-- Raw data follows --

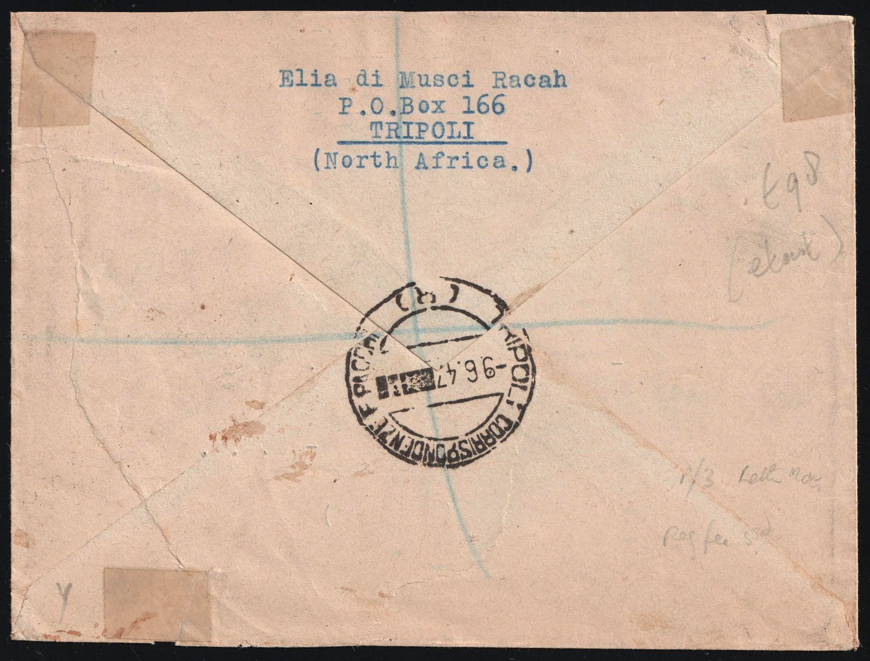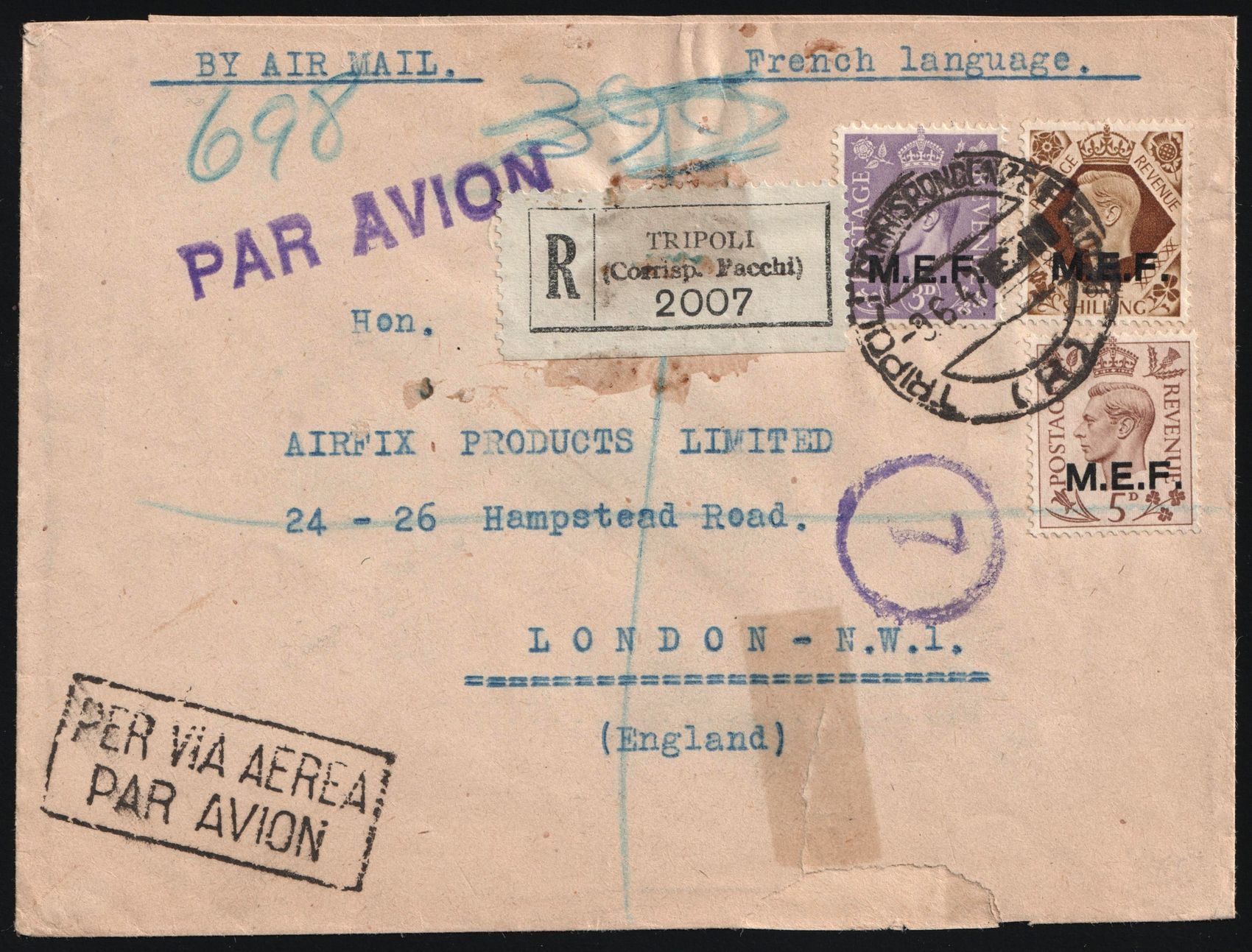 2117 image1947 (3 Jun) British Occupation of Italian Colonies, Middle East Forces, International Registered Airmail Cover from Tripoli (Libya) to London (England), franked with 3d, 5d and 1s. Light creases and tears. | Stanley Gibbons M14, M15, M18 (Image 1) (Image 2)
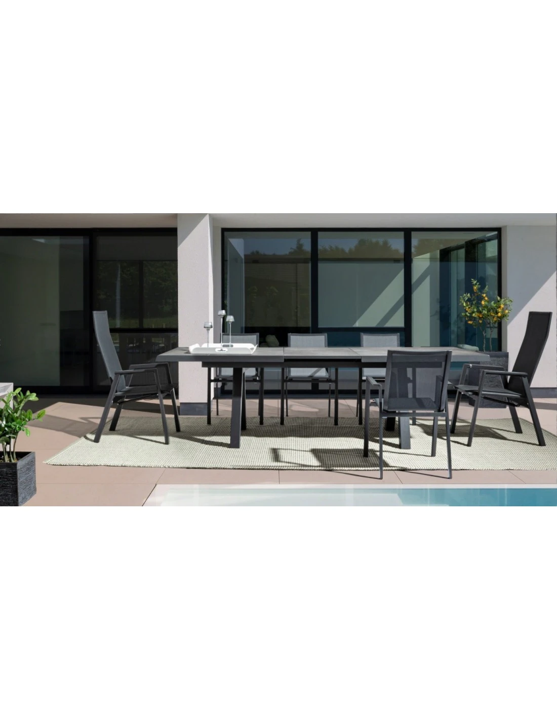 Fauteuil De Jardin Piazza Empilable – Aluminium Graphite – Graphite / Bleu Canard
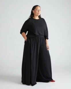 Isadora Wide Leg Lounge Pants – Black Flowy High-Waisted Trousers
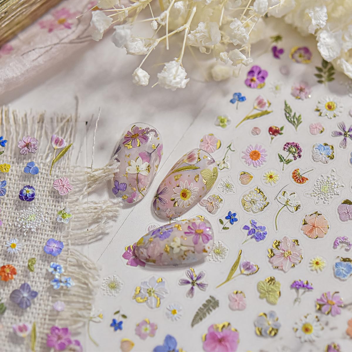 - Wide Application: These floral nail decals are so easy to apply that you can stick them on various smooth surfaces as you like, such as cellphone,greeting cards,scrapbook,books and more,adding a more festive feeling
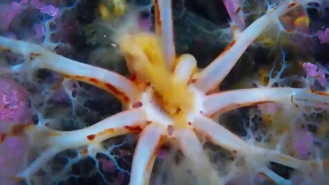 Морской огурец открывает рот, чтобы поесть.
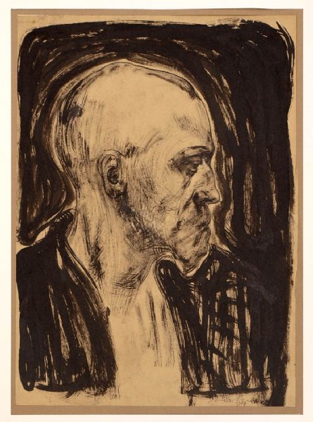 Brustbild eines älteren Mannes mit rasiertem Kopf.
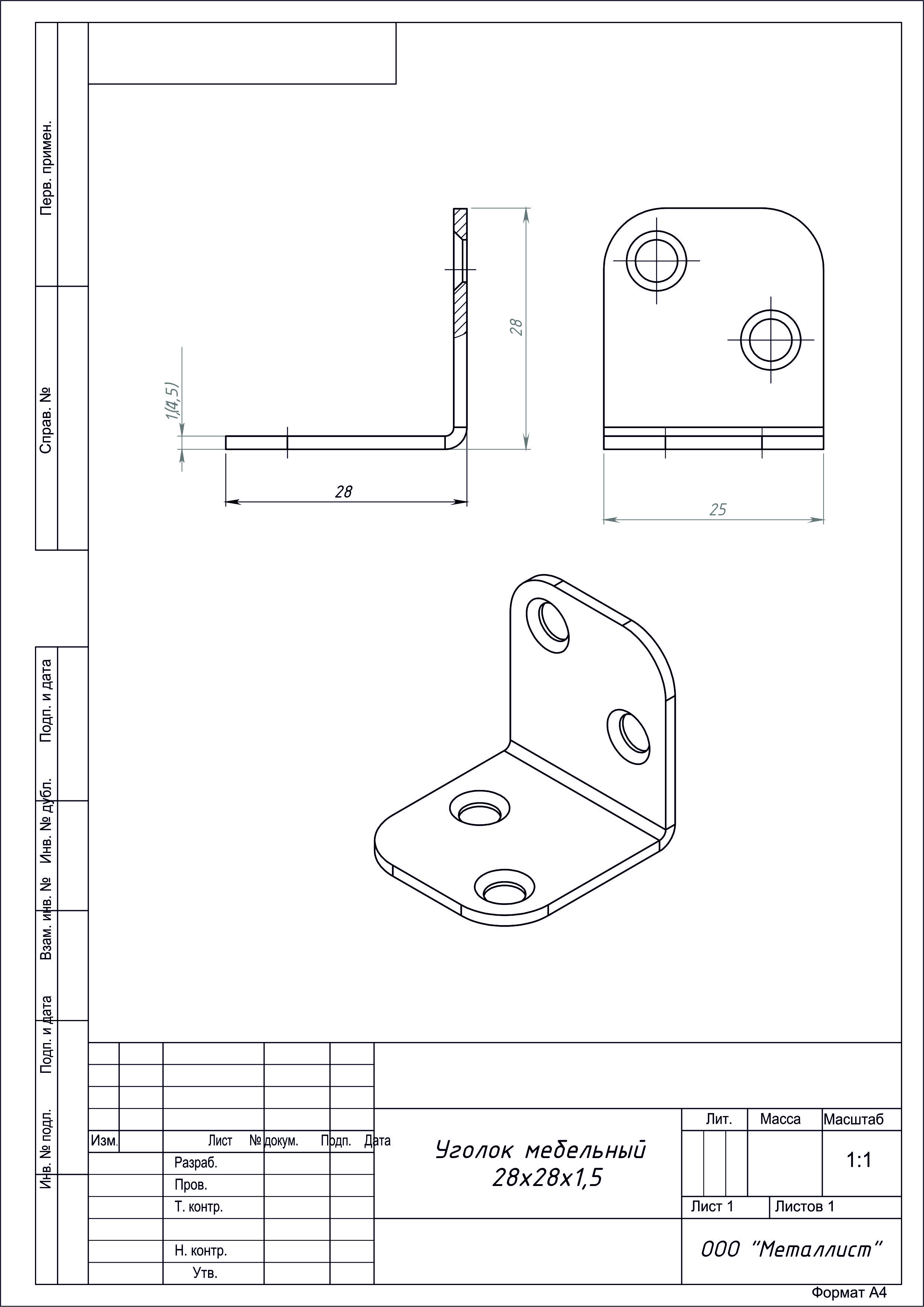 Уголок мебельный 28х28 цинк г.Кунгур (700)

-- Raw data concluded --

→ Task details
What you give back should match the entries above exactly, except that pictures are dropped.

→ Task solution
 2117 image1947 (3 Jun) British Occupation of Italian Colonies, Middle East Forces, International Registered Airmail Cover from Tripoli (Libya) to London (England), franked with 3d, 5d and 1s. Light creases and tears. | Stanley Gibbons M14, M15, M18 (Image 1) (Image 2)
 Fauteuil De Jardin Piazza Empilable – Aluminium Graphite – Graphite / Bleu Canard
 Isadora Wide Leg Lounge Pants – Black Flowy High-Waisted Trousers
 - Wide Application: These floral nail decals are so easy to apply that you can stick them on various smooth surfaces as you like, such as cellphone,greeting cards,scrapbook,books and more,adding a more festive feeling
 Морской огурец открывает рот, чтобы поесть.
 Brustbild eines älteren Mannes mit rasiertem Kopf.
 Уголок мебельный 28х28 цинк г.Кунгур (700)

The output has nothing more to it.